- **Goal of the exercise**
The listing below is to be given again in full and word for word, without its images.
---
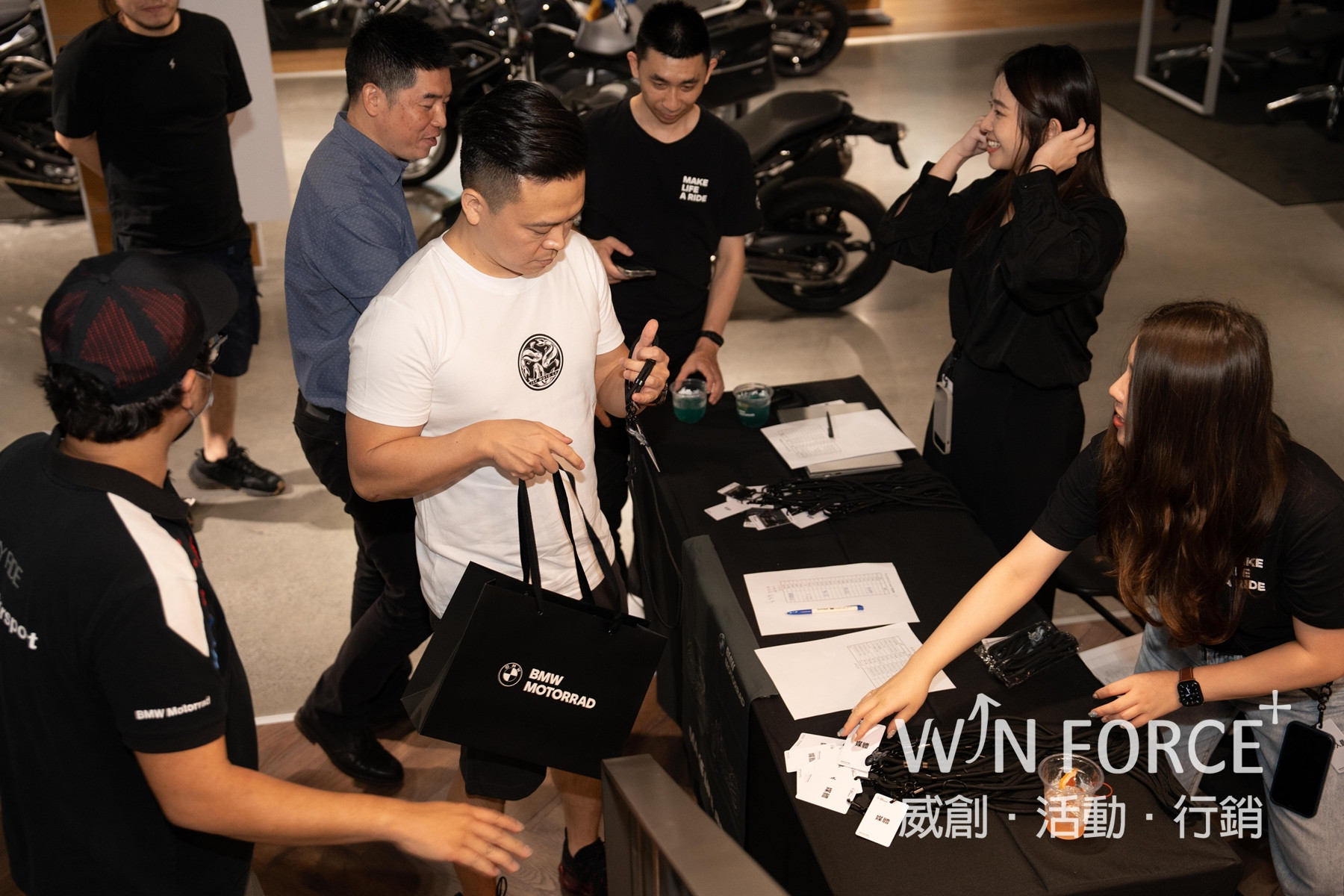 場地選在展示間貴賓空間舉辦,讓喜愛BMW MOTORRAD的車主也能欣賞各式重型機車車款,同時也為門市吸引老客戶回娘家的概念,創造車主互動與交流,同時也帶給大家第一手資訊。會場從入口動線引導,餐點客製及貴賓席間的佈置,搭配新車登場的動線規劃,帶給每位貴賓不同以往的感受。
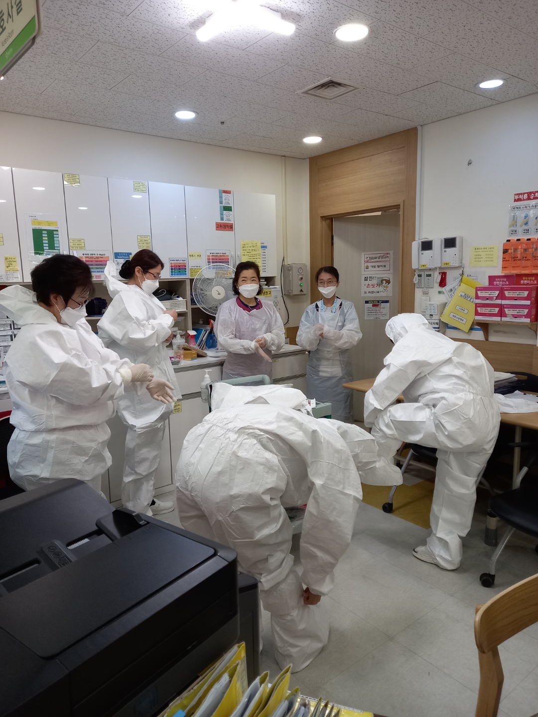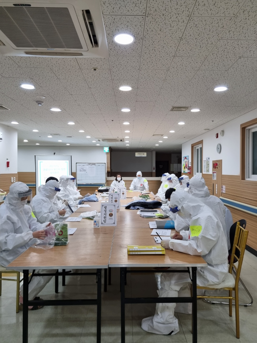 실제 코로나 발생시 대처 훈련을 실시 하였습니다.
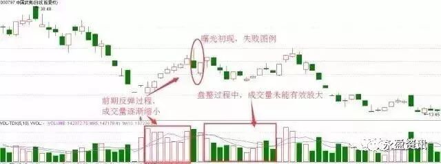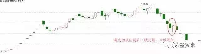 “曙光初现”一般情况下是后市看涨的技术图形,但也有失败的时候下面简要分析几个曾在K线组合学习过程中遇到过的失败曙光初现图例。
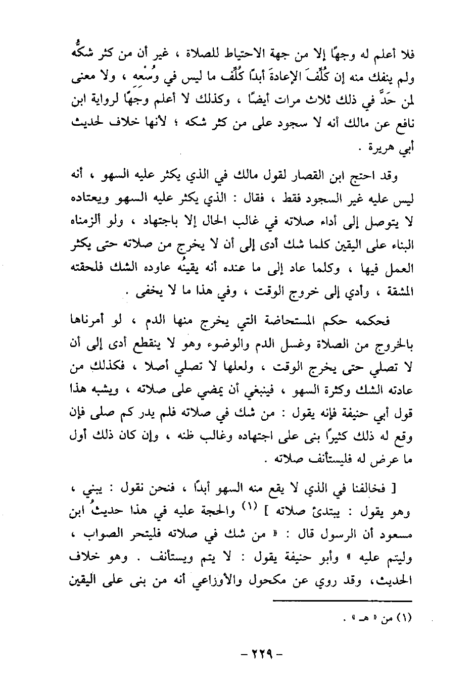فلا أعلم له وجهًا إلا من جهة الاحتياط للصلاة، غير أن من كثر شكه ولم ينفك منه إن كُلف أبدًا ما ليس فى وسعه، ولا معنى لمن حَدّ فى ذلك ثلاث مرات أيضًا، وكذلك لا أعلم وجها لرواية ابن نافع عن مالك، أنه لا سجود على من كثر شكه، لأنها خلاف لحديث أبى هريرة. وقد احتج ابن القصار لقول مالك فى الذى يكثر عليه السهو أنه ليس عليه غير السجود فقط، فقال: الذى يكثر عليه السهو ويعتاده لا يتوصل إلى أداء صلاته فى غالب الحال إلا باجتهاد، ولو ألزمناه البناء على اليقين كلما شك أدى إلى أن لا يخرج من صلاته حتى يكثر العمل فيها، وكلما عاد إلى ما عنده أنه يقينُه عاوده الشك، فلحقته المشقة، وأدى إلى خروج الوقت، وفى هذا ما لا يخفى. فحكمه حكم المستحاضة التى يخرج منها الدم، لو أمرناها بالخروج من الصلاة وغسل الدم، والوضوء وهو لا ينقطع أدى إلى أن لا تصلى حتى يخرج الوقت، ولعلها لا تصلى أصلاً، فكذلك من عادته الشك، وكثرة السهو، فينبغى أن يمضى على صلاته، ويشبه هذا قول أبو حنيفة فإنه يقول: من شك فى صلاته فلم يدر كم صلى فإن وقع له ذلك كثيرًا بنى على اجتهاده وغالب ظنه، وإن كان ذلك أول ما عرض له فليستأنف صلاته. فخالفنا فى الذى لا يقع منه السهو أبدًا، فنحن نقول: يبنى، وهو يقول: يبتدئ صلاته والحجة عليه فى هذا حديثُ ابن مسعود أن الرسول (صلى الله عليه وسلم) ، قال: (من شك فى صلاته فليتحر الصواب، وليتم عليه) ، وأبو حنيفة يقول: لا يتم ويستأنف. وهو خلاف الحديث، وقد روى عن مكحول، والأوزاعى أنه من بنى على اليقين
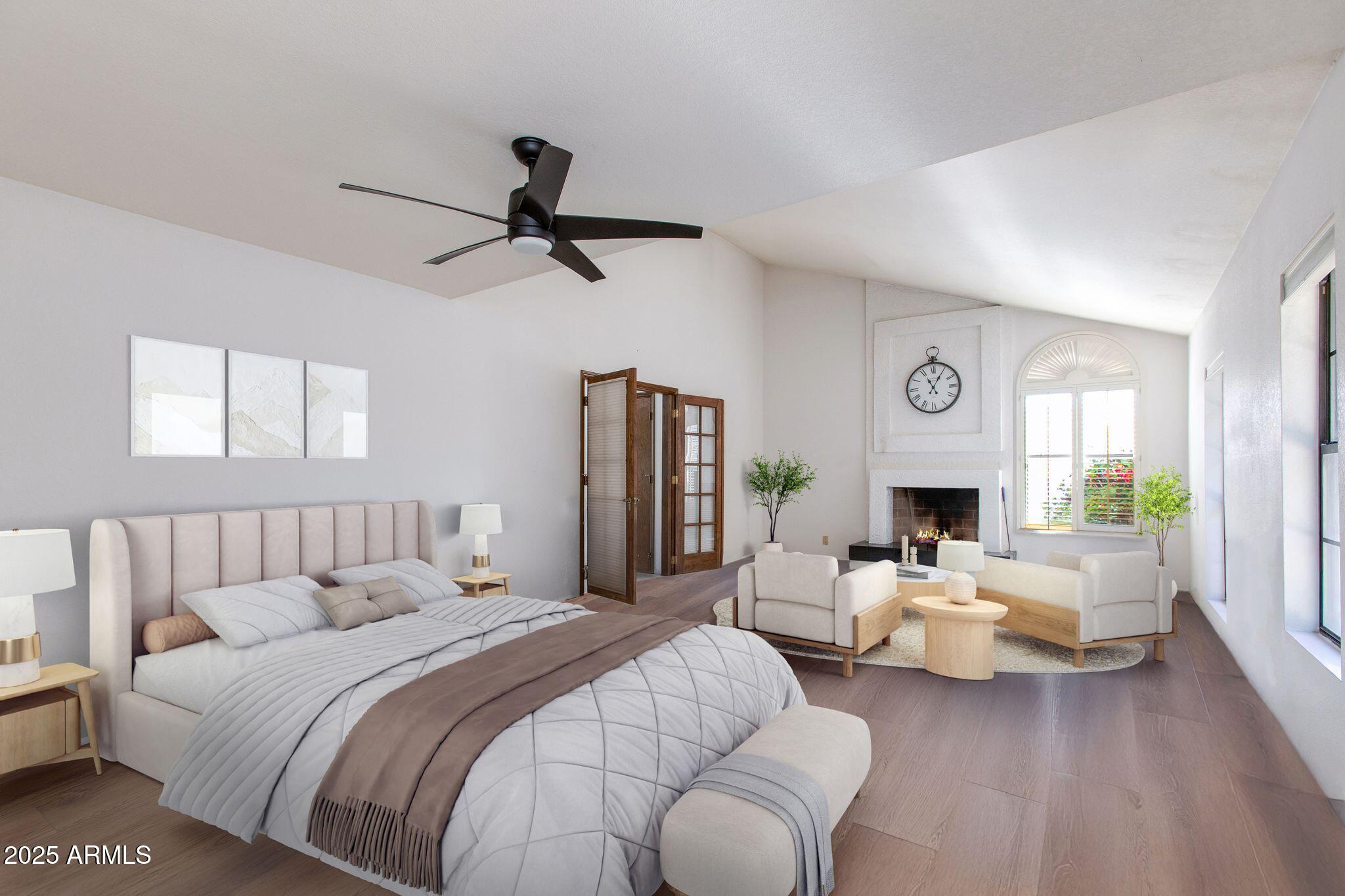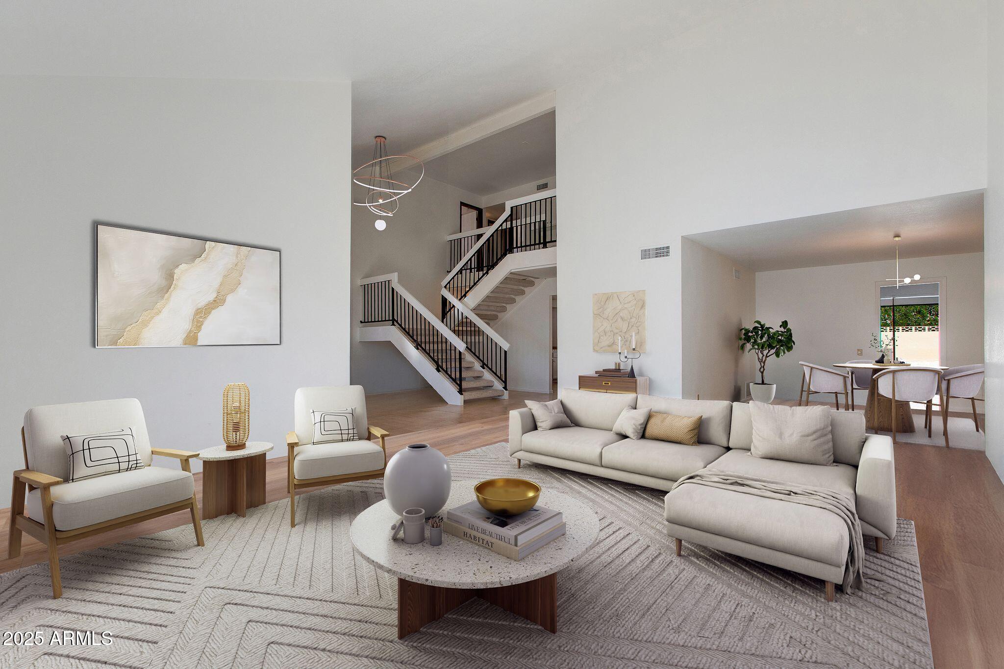 Beautiful custom family home in the highly desirable McCormick Ranch, located on a quiet cul-de-sac just steps from the greenbelt. This two-story 4-bedroom, 2.5-bath home offers approximately 3,842 sq ft of living space and the opportunity to make it your dream home. Lofty vaulted ceilings and abundant natural light enhance the home throughout. Spacious kitchen with eat-in breakfast area. Large living and dining rooms plus family room with fireplace and wet bar. The primary suite features a sitting area with private fireplace, en-suite bath, and dressing area. Upstairs offers three generously sized bedrooms and a versatile flex space with balcony, ideal for a fifth bedroom, office, or den. Private backyard with an oversized Pebble Tec pool and covered patio completes this beautiful home.
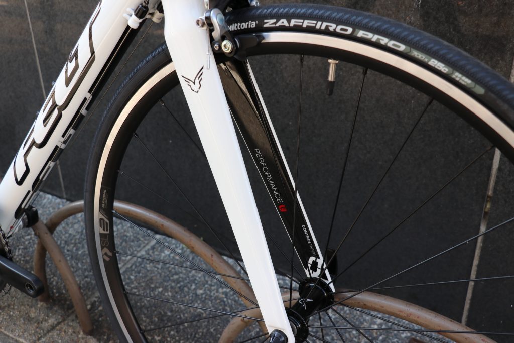 フォークはカーボンブレード・アルミコラムと価格に見合った仕様ですがオールラウンドなフレームに合わせて剛性と快適性を両立。フレームサイズごとに必要な剛性としなりを解析し、形状、素材、接合部をチューニングするという手法がこの価格帯でとられているというのはユーザー側からすると有難い限りです。
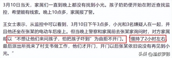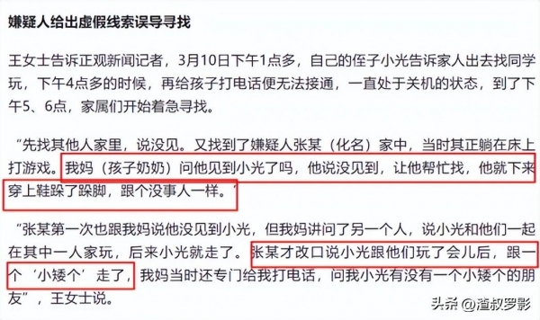 后来张某眼看瞒不住了,于是就说自己当时确实将小光叫了出来,并且还和小光一起玩了,但是玩了一会,就有一个"小矮个"把小光叫走了。
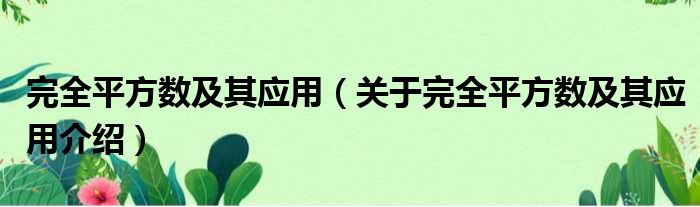 完全平方數及其應用(關于完全平方數及其應用介紹)
---
- **Your solution**
 場地選在展示間貴賓空間舉辦,讓喜愛BMW MOTORRAD的車主也能欣賞各式重型機車車款,同時也為門市吸引老客戶回娘家的概念,創造車主互動與交流,同時也帶給大家第一手資訊。會場從入口動線引導,餐點客製及貴賓席間的佈置,搭配新車登場的動線規劃,帶給每位貴賓不同以往的感受。
 실제 코로나 발생시 대처 훈련을 실시 하였습니다.
 “曙光初现”一般情况下是后市看涨的技术图形,但也有失败的时候下面简要分析几个曾在K线组合学习过程中遇到过的失败曙光初现图例。
فلا أعلم له وجهًا إلا من جهة الاحتياط للصلاة، غير أن من كثر شكه ولم ينفك منه إن كُلف أبدًا ما ليس فى وسعه، ولا معنى لمن حَدّ فى ذلك ثلاث مرات أيضًا، وكذلك لا أعلم وجها لرواية ابن نافع عن مالك، أنه لا سجود على من كثر شكه، لأنها خلاف لحديث أبى هريرة. وقد احتج ابن القصار لقول مالك فى الذى يكثر عليه السهو أنه ليس عليه غير السجود فقط، فقال: الذى يكثر عليه السهو ويعتاده لا يتوصل إلى أداء صلاته فى غالب الحال إلا باجتهاد، ولو ألزمناه البناء على اليقين كلما شك أدى إلى أن لا يخرج من صلاته حتى يكثر العمل فيها، وكلما عاد إلى ما عنده أنه يقينُه عاوده الشك، فلحقته المشقة، وأدى إلى خروج الوقت، وفى هذا ما لا يخفى. فحكمه حكم المستحاضة التى يخرج منها الدم، لو أمرناها بالخروج من الصلاة وغسل الدم، والوضوء وهو لا ينقطع أدى إلى أن لا تصلى حتى يخرج الوقت، ولعلها لا تصلى أصلاً، فكذلك من عادته الشك، وكثرة السهو، فينبغى أن يمضى على صلاته، ويشبه هذا قول أبو حنيفة فإنه يقول: من شك فى صلاته فلم يدر كم صلى فإن وقع له ذلك كثيرًا بنى على اجتهاده وغالب ظنه، وإن كان ذلك أول ما عرض له فليستأنف صلاته. فخالفنا فى الذى لا يقع منه السهو أبدًا، فنحن نقول: يبنى، وهو يقول: يبتدئ صلاته والحجة عليه فى هذا حديثُ ابن مسعود أن الرسول (صلى الله عليه وسلم) ، قال: (من شك فى صلاته فليتحر الصواب، وليتم عليه) ، وأبو حنيفة يقول: لا يتم ويستأنف. وهو خلاف الحديث، وقد روى عن مكحول، والأوزاعى أنه من بنى على اليقين
 Beautiful custom family home in the highly desirable McCormick Ranch, located on a quiet cul-de-sac just steps from the greenbelt. This two-story 4-bedroom, 2.5-bath home offers approximately 3,842 sq ft of living space and the opportunity to make it your dream home. Lofty vaulted ceilings and abundant natural light enhance the home throughout. Spacious kitchen with eat-in breakfast area. Large living and dining rooms plus family room with fireplace and wet bar. The primary suite features a sitting area with private fireplace, en-suite bath, and dressing area. Upstairs offers three generously sized bedrooms and a versatile flex space with balcony, ideal for a fifth bedroom, office, or den. Private backyard with an oversized Pebble Tec pool and covered patio completes this beautiful home.
 フォークはカーボンブレード・アルミコラムと価格に見合った仕様ですがオールラウンドなフレームに合わせて剛性と快適性を両立。フレームサイズごとに必要な剛性としなりを解析し、形状、素材、接合部をチューニングするという手法がこの価格帯でとられているというのはユーザー側からすると有難い限りです。
 后来张某眼看瞒不住了,于是就说自己当时确实将小光叫了出来,并且还和小光一起玩了,但是玩了一会,就有一个"小矮个"把小光叫走了。
 完全平方數及其應用(關于完全平方數及其應用介紹)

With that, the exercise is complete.